A socióloga Olga Lustosa recorre às teorias do pensador polonês Zygmunt Bauman para explicar por que alianças partidárias e manifestações de suporte público se dissolvem com rapidez no cenário eleitoral brasileiro. No artigo publicado no portal RDNews, a autora afirma que a chamada “modernidade líquida” — conceito criado por Bauman para descrever relações sociais marcadas pela instabilidade — também se reproduz na política, onde “apoio não significa compromisso”.
Segundo Lustosa, o rompimento de vínculos duradouros entre eleitores, candidatos e legendas ganhou força à medida que o individualismo se impôs, a confiança em projetos de longo prazo diminuiu e o debate público passou a circular em redes sociais, ambientes que privilegiam mensagens curtas e de forte impacto emocional. Nesse contexto, o voto deixou de ser fidelizado e passou a ser influenciado pelo humor do momento, alimentado por narrativas de fácil consumo.

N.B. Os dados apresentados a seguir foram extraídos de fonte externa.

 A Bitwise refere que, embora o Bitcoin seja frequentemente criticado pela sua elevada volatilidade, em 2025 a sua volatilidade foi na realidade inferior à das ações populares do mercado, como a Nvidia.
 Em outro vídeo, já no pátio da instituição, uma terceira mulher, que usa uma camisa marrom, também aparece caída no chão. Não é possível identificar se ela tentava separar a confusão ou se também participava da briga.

Utilidade define o tempo de cada aliança
A colunista sustenta que, assim como nas relações pessoais descritas por Bauman, a lógica da conveniência dita a duração dos acordos políticos. Quando deixam de oferecer vantagens imediatas, elogios, fotos e declarações de apoio desaparecem, cedendo espaço aos cálculos de curto prazo. Para Olga Lustosa, partidos, ideologias e programas — outrora pilares de uma candidatura — não têm mais força para garantir engajamento permanente.
O fenômeno também alcança bastidores de campanhas, onde pré-candidatos exibem parcerias em eventos públicos mesmo cientes de que, adiante, ajustes partidários podem inviabilizar a continuidade do pacto. “O laço político frouxo evita obrigações e preserva a liberdade de entrar ou sair de um projeto sem culpa”, escreve.

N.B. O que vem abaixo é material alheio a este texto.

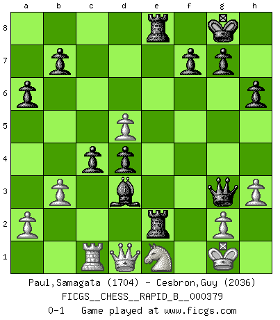 Last move : 0-1 2022 June 28 7:18:20 [Event "FICGS__CHESS__RAPID_B__000379"] [Site "FICGS"] [Date "2022.05.08"] [Round "1"] [White "Paul,Samagata"] [Black "Cesbron,Guy"] [Result "0-1"] [WhiteElo "1704"] [BlackElo "2036"] 1.e4 c5 2.c4 Nc6 3.Nf3 Nf6 4.Nc3 e6 5.d3 Be7 6.Be2 O-O 7.O-O d5 8.exd5 exd5 9.Re1 d4 10.Nb5 a6 11.Na3 h6 12.Bd2 Be6 13.h3 Rb8 14.Nh2 Bd6 15.f4 Qc7 16.Bf3 Bxf4 17.Bxf4 Qxf4 18.Nb1 Bf5 19.Nd2 Bxd3 20.Bd5 Nxd5 21.cxd5 Nb4 22.Ndf3 c4 23.Ne5 Nc2 24.Rc1 Nxe1 25.Qxe1 Rfe8 26.Qd1 Rxe5 27.b3 Re2 28.Nf3 Qg3 29.Ne1 Rbe8 0-1 Sicilian defense Kingside Castling by player Black (move 6) Kingside Castling by player White (move 7) Player Black won this chess game. Follow this game move after move (download)Half the variations which are calculated in a tournament game turn out to be completely superfluous. Unfortunately, no one knows in advance which half. (Jan Tinman) Über Kasparov: Es ist offensichtlich, daß er in einem totalitären Staat aufwuchs und deshalb zu diktatorischen Zügen neigt. (Viktor Kortschnoi) El Ajedrez no es como la vida... ¡tiene reglas!. (Mark Pasternak) Le pion, dans sa simplicité, marche droit devant lui, mais lorsqu'il prend, il le fait obliquement? Ainsi l'homme, tant qu'il reste pauvre, marche dans la droiture et vit honnêtement, mais lorsqu'il recherche les honneurs, il flatte, se parjure et, par les voies obliques, cherche une position supérieure sur l'échiquier du monde. (Jean de Galles) The Internet is so big, so powerful and pointless that for some people it is a complete substitute for life. (Andrew Brown)

Eleitor age como consumidor
Citados no texto, estudos de Bauman apontam que o cidadão passou a encarar a política de forma semelhante à relação com produtos: avalia, experimenta e descarta. Esse comportamento, descreve Lustosa, favorece o avanço de discursos antissistema e líderes “reativos”, mais empenhados em performance do que em resultados práticos.

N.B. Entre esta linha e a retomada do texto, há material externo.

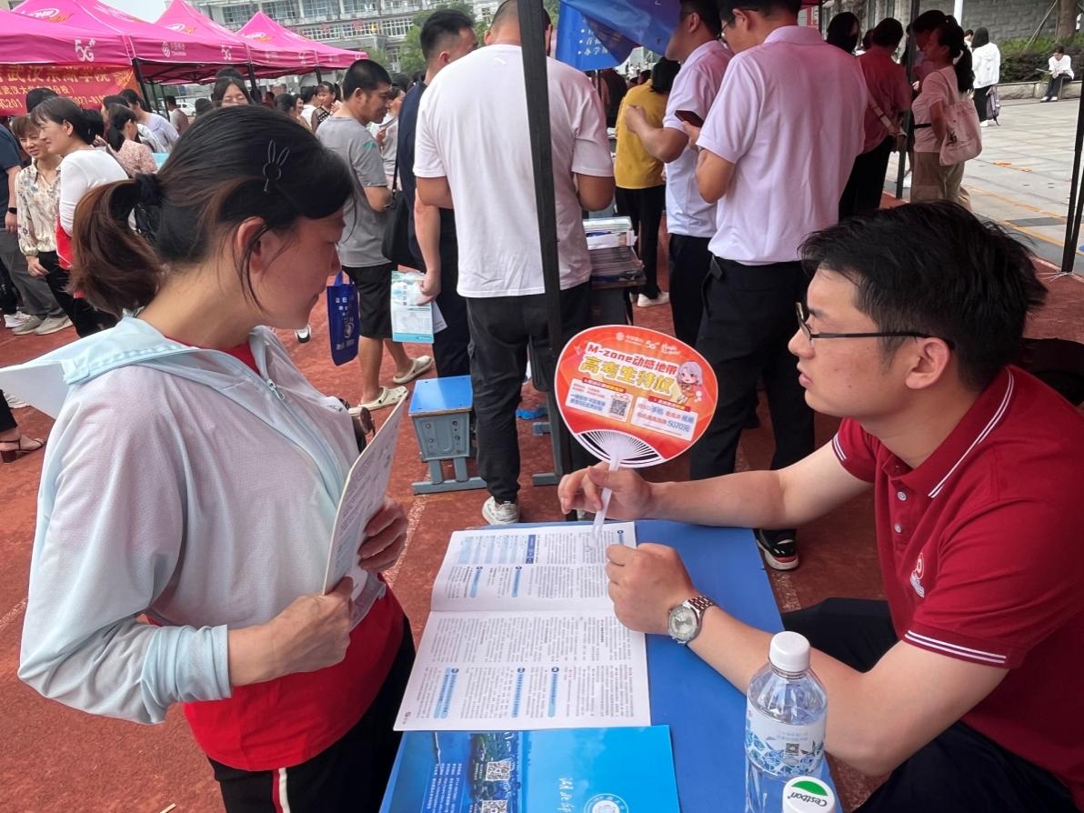 (外国语学院学工办主任黄志军在团风中学接待考生及家长咨询)

Ao mesmo tempo, a instabilidade dos apoios estimula a polarização. Para a socióloga, a “política líquida” alimenta sentimentos de medo e ressentimento, enfraquece espaços de diálogo e dificulta alianças duradouras. Bauman, lembra ela, não apresenta soluções no livro Modernidade Líquida; limita-se a diagnosticar as transformações que tornam os laços frágeis na vida social e, por consequência, na arena eleitoral.
No encerramento da coluna, Olga Lustosa reforça que, diante desse cenário fluido, apoios políticos devem ser interpretados como posicionamentos circunstanciais, sujeitos a revisão tão logo percam sua utilidade estratégica.